Concurrent programming was a major theme at Microsoft's recent Professional Developers Conference. We all know the reasoning: processors are no longer getting faster, but multiple processors are now commonplace. Even my desktop PC is a quad-core. However, having multiple processors is no guarantee that applications will run faster. For that to happen, the application has to be coded with concurrency in mind. Therefore, if we want to write fast applications, we have to learn concurrent programming.
Unfortunately concurrent programming is hard. Think deadlocks, synchronisation, non-determinant, race conditions, and so on. Fortunately, Microsoft is good at making hard things easy. The original Visual Basic transformed the coding of a graphical user interface from something intricate done in C or C++, to something anyone could do with a few clicks of the mouse.
Now Microsoft aims to do something similar for concurrency. The .NET Framework 4.0 incorporates the Parallel FX Library, which does a great job of simplifying multi-threaded development. The new Task Parallel Library is smart about how many processors it finds at runtime, and spins the right number of threads to take advantage of them. PLINQ lets you easily apply parallelism to LINQ queries. Daniel Moth does a great job of demonstrating the benefits in his session at PDC, which you can watch online; and if you work with .NET I highly recommend it.
The worrying aspect is that while Microsoft is making concurrency easy, it is not making it safe. When I was playing around with Visual Studio 2010 and .NET Framework 4.0, one of the first things I did was to look at my code for counting primes and to see how I could optimize it. I found I could do so easily by changing a For loop to use Parallel.For instead, one of the features of the new library. I got a nice speed boost on a two-core machine, not quite double, but nearly so. One snag: the result changed every time I ran it.

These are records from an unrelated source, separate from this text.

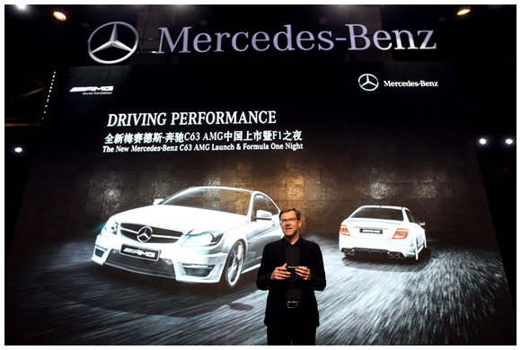 【2012年4月14日,上海】 2012世界一级方程式赛车中国大奖赛决赛前夜,座落于申城黄浦江畔的上海世博园区案例馆熠熠生辉。在充满激情与速度感的现场气氛中,梅赛德斯-奔驰(中国)汽车销售有限公司总裁兼首席执行官麦尔斯先生、销售与市场营销执行副总裁郝博先生、梅赛德斯-奔驰赛车运动部副总裁罗伯特•豪格先生以及众多嘉宾共同见证了Mercedes-AMG品牌45周年庆典暨全新梅赛德斯-奔驰C63 AMG中国上市活动。当晚,C63 AMG 双门轿跑车和新一代C63 AMG轿车震撼发布。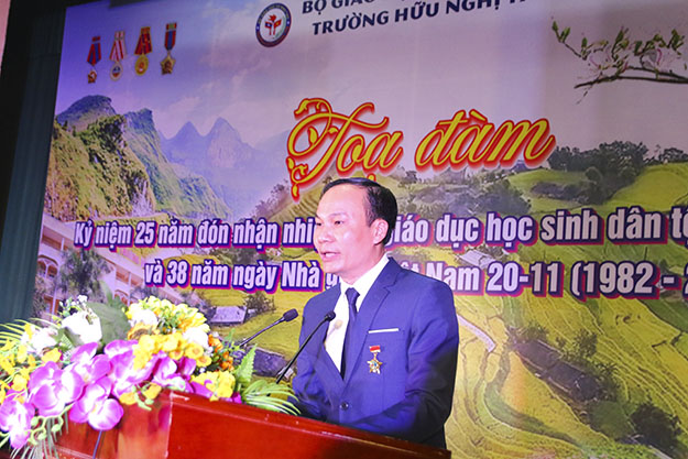 Sau chương trình văn nghệ đặc sắc chào mừng là bài phát biểu nhân dịp kỷ niệm 25 năm đón nhận nhiệm vụ giáo dục học sinh dân tộc và 38 năm ngày nhà giáo Việt Nam 20/11 của đồng chí Lê Phú Thắng– Bí thư đảng ủy – Hiệu trưởng nhà trường. Bài phát biểu nhằm ôn lại truyền thống 25 năm đón nhận nhiệm vụ giáo dục học sinh dân tộc, ý nghĩa của ngày 20-11 đồng thời nêu cao vai trò trách nhiệm của người giáo viên trong sự nghiệp trồng người. Bài phát biểu chính là những lời tâm sự chân thành, xúc động tri ân lớp lớp những thầy cô giáo đã cống hiến cho sự phát triển của nhà trường và niềm tự hào về các thế hệ học sinh T78 mà thầy giáo Lê Phú Thắng gửi tới đồng nghiệp và các em học sinh. Minh họa cho bài phát biểu của đồng chí Hiệu trưởng là một phóng sự về chặng đường 25 năm thực hiện nhiệm vụ giáo dục học sinh dân tộc do Ban TTTT của trường xây dựng.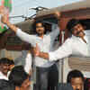 Ram Charan Teja and Praja Rajyam Party president K Chiranjeevi during the launch of the praja rail yatra in Hyderabad. (BCCL)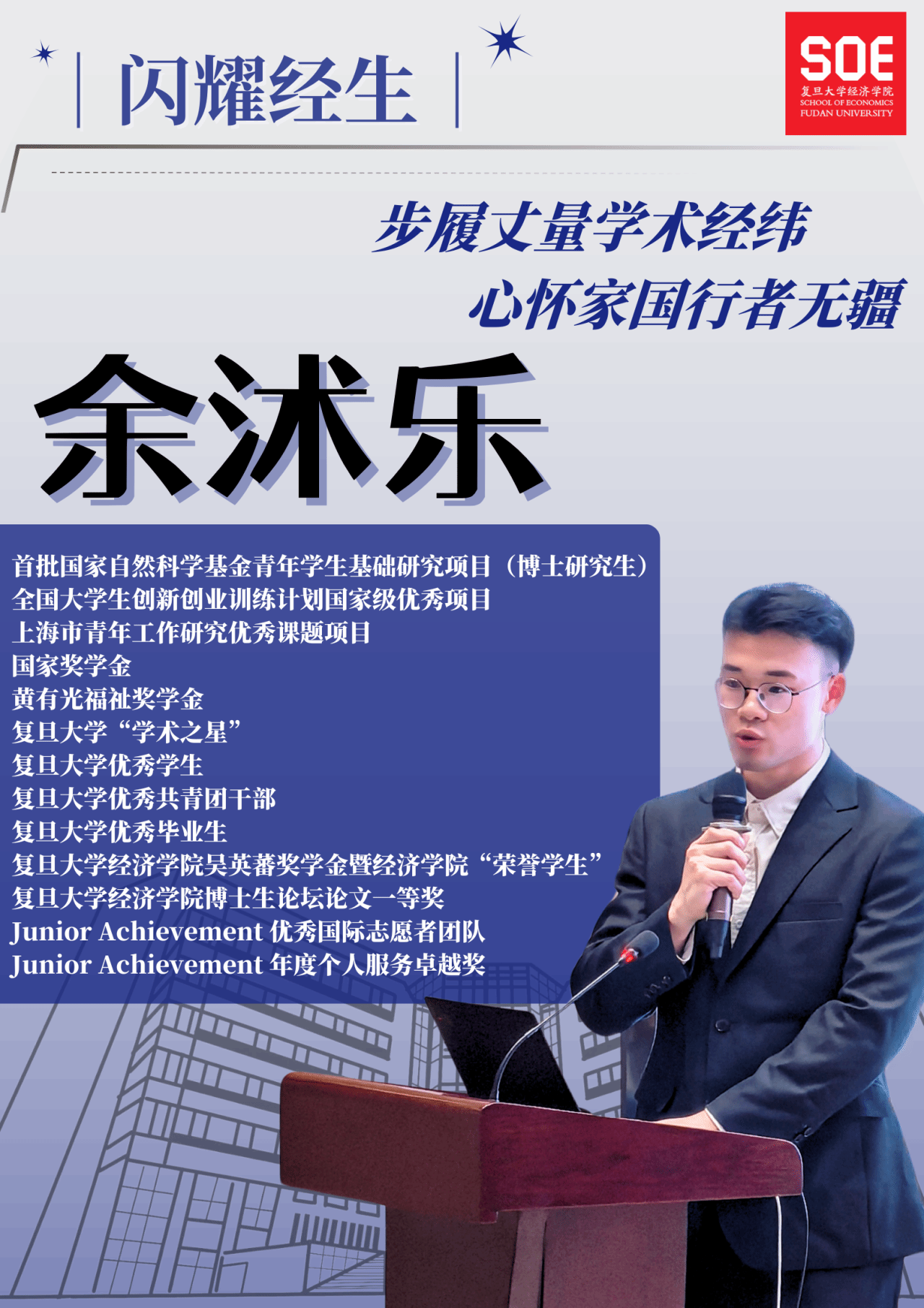 “学术之星”(特等奖提名),国家奖学金、黄有光福祉奖学金、吴英蕃奖学金等多项荣誉获得者。他深耕人工智能与劳动力市场研究前沿,足迹跨越学术高峰与社会实践,以“行者”姿态诠释新时代复旦经院人的责任与担当。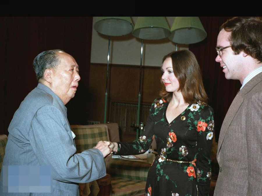 图:1975年12月31日晚上,毛泽东接见美国前总统尼克松的女儿朱莉与她的丈夫戴维。
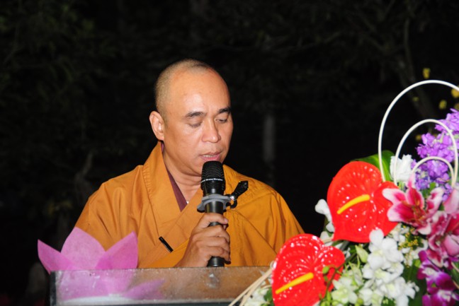 Đúng 19 giờ 30 phút, buổi lễ Hoa đăng kính mừng ngày đản sinh của Đức Phật A Di Đà đã chính thức được diễn ra. Sau nghi thức niệm Phật cầu gia bị, Đại đức Thích Tục Nhân – Trưởng ban nghi lễ GHPGVN Tp. Hải Phòng đã lên tuyên đọc Diễn văn khai mạc Đại lễ hoa đăng kính mừng khánh đản Đức Phật A Di Đà PL. 2559 – DL. 2015. Việc tổ chức mừng khánh đản đức Phật A Di Đà nhằm mục đích giúp cho các Phật tử củng cố thêm các kiến thức về Phật Pháp. Đặc biệt là đối với các Phật tử đang tu theo pháp môn Tịnh Độ thì cần phải hiểu về giáo chủ cõi Tây Phương Cực Lạc là ai? Những công hạnh của đức Phật A Di Đà đối với chúng sinh cũng như những hạnh nguyện của Ngài để từ đó các phật tử nương vào những hạnh nguyện đó để tu học.

I soon figured out what was wrong. My code declares a numprimes variable, then increments it within the loop. Everything is fine when single-threaded, but if you have two threads running the loop in parallel, they might both increment the variable at nearly the same time. That means reading the value, incrementing it, and writing it back. Occasionally this happens:
Result: the value is one less than it should be. The fix is to lock the value first, or to find a better approach; this exact problem is discussed here (scroll down to Aggregation).
Bugs are nothing new in programming, but concurrency bugs are particularly tiresome. The code may work fine on some machines; in my example, the bug would not occur on a single-core PC. If your loop is a little less tight than a prime number calculator, it might be that the odds of the bug occurring at all are rather small. It could even pass all your unit tests. Deploy the application though, and you can bet that wrong results will soon crop up with the usual potential for calamity.
Haven't we already had, and survived, this problem with previous abstractions like BackgroundWorker, a class in .NET Framework 2.0 that makes it easy to push some code into a background thread? True to some extent, but BackgroundWorker is less dangerous because it is typically used more for keeping an application responsive, than to increase performance with parallel threads on a multi-core system.
The bottom line is that while I am full of admiration for the work Microsoft has done with the Parallel FX, I have a nagging worry that as more and less skilled programmers are encouraged to do this, we may be introducing a new wave of buggy code, as argued in detail by Edward Lee in his paper The Problem with Threads [PDF]. The hardware trend is real though, so I suspect greater concurrency in everyday business applications is coming whether we like it or not.
The other conclusion is that before using something even as apparently simple as Parallel.For, developers have a responsibility to learn about the pitfalls as well as the benefits.